**Work task**: Could you copy every record below exactly, leaving out the pictures?

**Source records**:
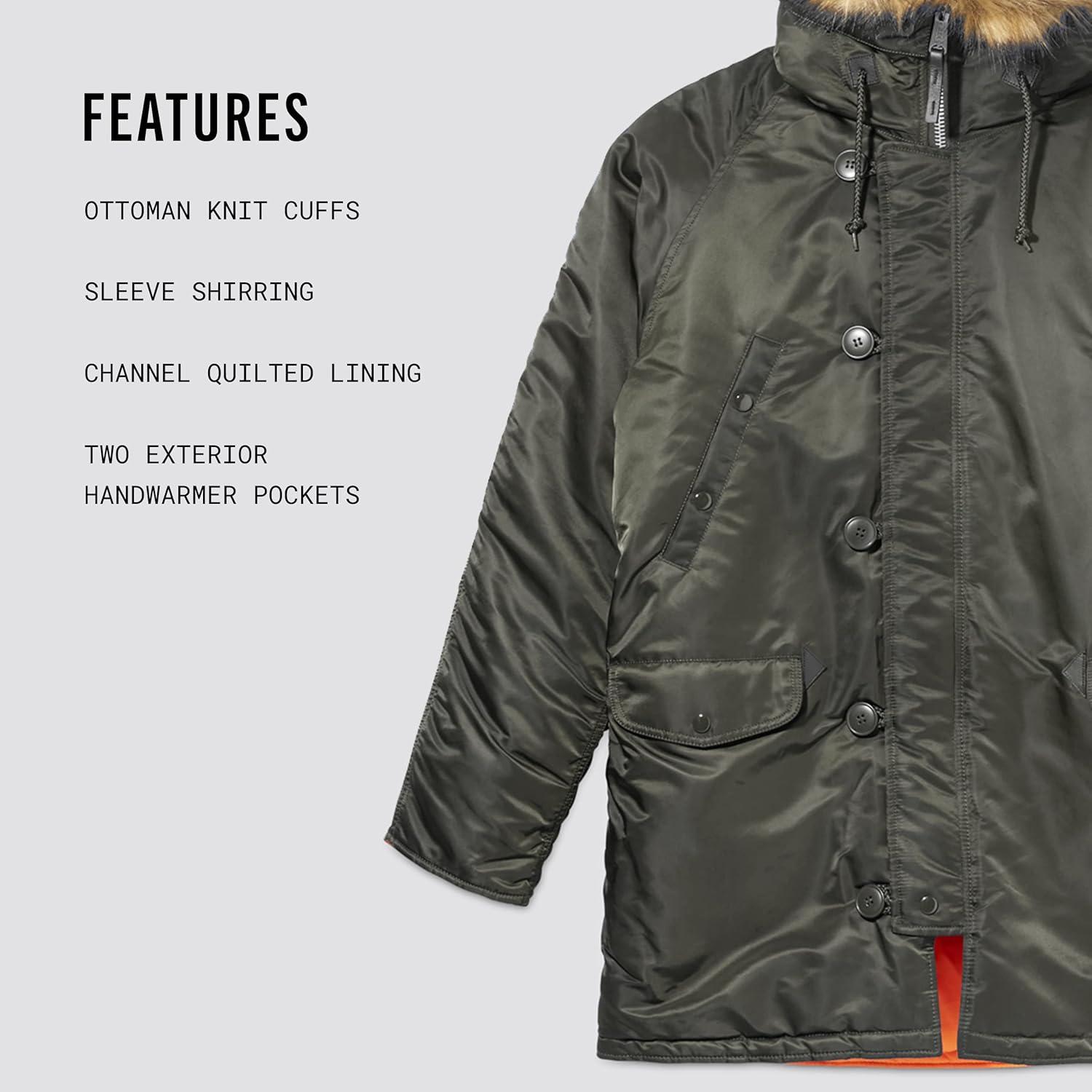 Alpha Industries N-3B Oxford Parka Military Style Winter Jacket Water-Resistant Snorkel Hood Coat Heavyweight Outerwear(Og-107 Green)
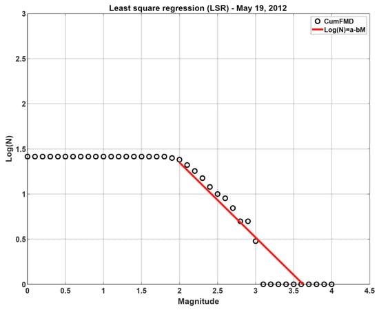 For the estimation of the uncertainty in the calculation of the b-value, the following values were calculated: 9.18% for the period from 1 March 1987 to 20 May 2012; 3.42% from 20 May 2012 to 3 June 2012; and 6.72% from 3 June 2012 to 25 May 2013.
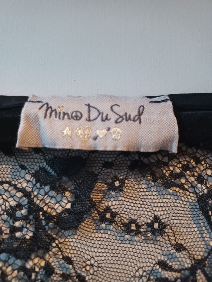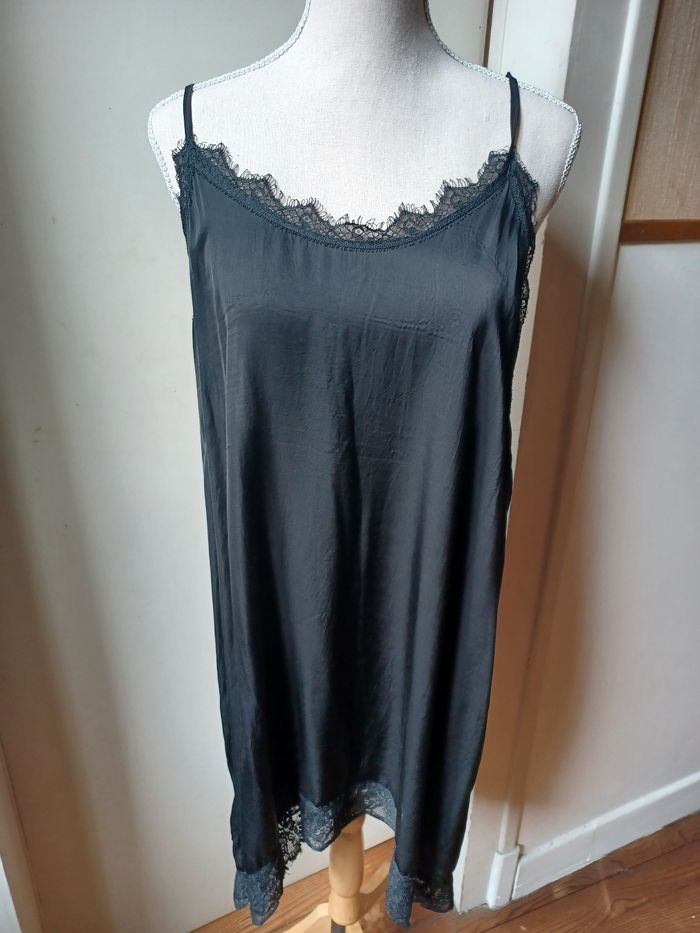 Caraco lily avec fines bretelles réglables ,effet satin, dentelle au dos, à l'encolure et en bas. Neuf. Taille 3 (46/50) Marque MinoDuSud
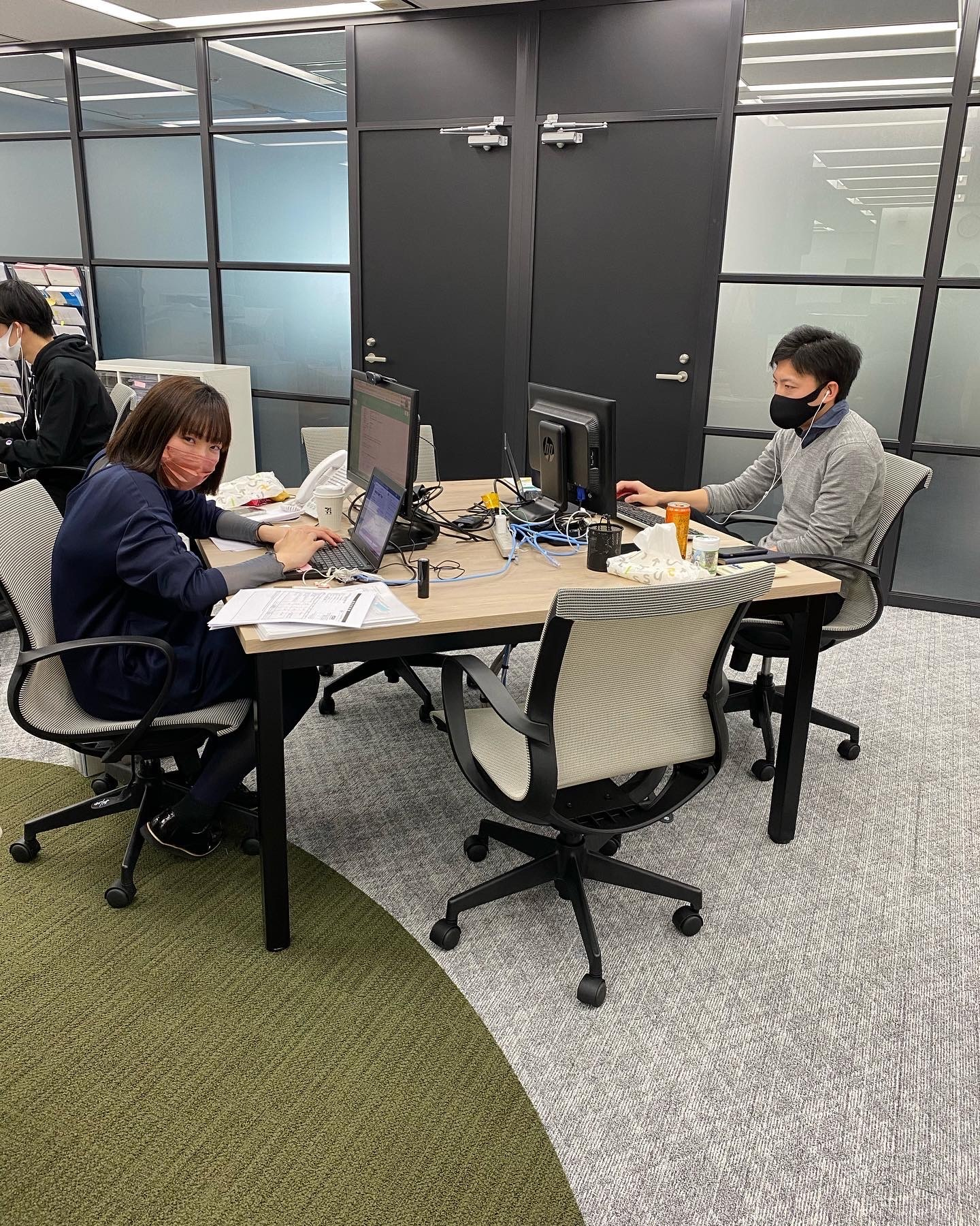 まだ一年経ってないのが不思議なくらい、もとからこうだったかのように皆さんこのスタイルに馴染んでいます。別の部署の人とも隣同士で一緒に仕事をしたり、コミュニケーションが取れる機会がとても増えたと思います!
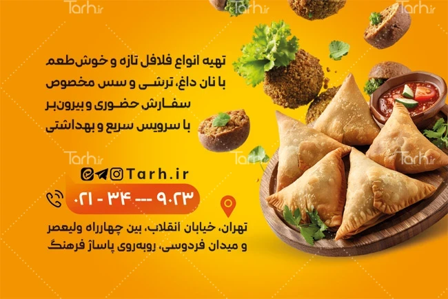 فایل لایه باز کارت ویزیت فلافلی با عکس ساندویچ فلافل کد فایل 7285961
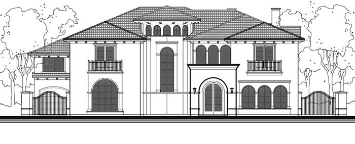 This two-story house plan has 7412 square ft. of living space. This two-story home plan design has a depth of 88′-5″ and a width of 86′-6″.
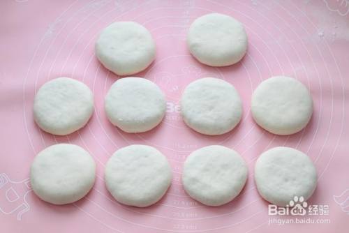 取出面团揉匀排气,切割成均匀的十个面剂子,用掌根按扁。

**Answer for this exercise**:
 Alpha Industries N-3B Oxford Parka Military Style Winter Jacket Water-Resistant Snorkel Hood Coat Heavyweight Outerwear(Og-107 Green)
 For the estimation of the uncertainty in the calculation of the b-value, the following values were calculated: 9.18% for the period from 1 March 1987 to 20 May 2012; 3.42% from 20 May 2012 to 3 June 2012; and 6.72% from 3 June 2012 to 25 May 2013.
 Caraco lily avec fines bretelles réglables ,effet satin, dentelle au dos, à l'encolure et en bas. Neuf. Taille 3 (46/50) Marque MinoDuSud
 まだ一年経ってないのが不思議なくらい、もとからこうだったかのように皆さんこのスタイルに馴染んでいます。別の部署の人とも隣同士で一緒に仕事をしたり、コミュニケーションが取れる機会がとても増えたと思います!
 فایل لایه باز کارت ویزیت فلافلی با عکس ساندویچ فلافل کد فایل 7285961
 This two-story house plan has 7412 square ft. of living space. This two-story home plan design has a depth of 88′-5″ and a width of 86′-6″.
 取出面团揉匀排气,切割成均匀的十个面剂子,用掌根按扁。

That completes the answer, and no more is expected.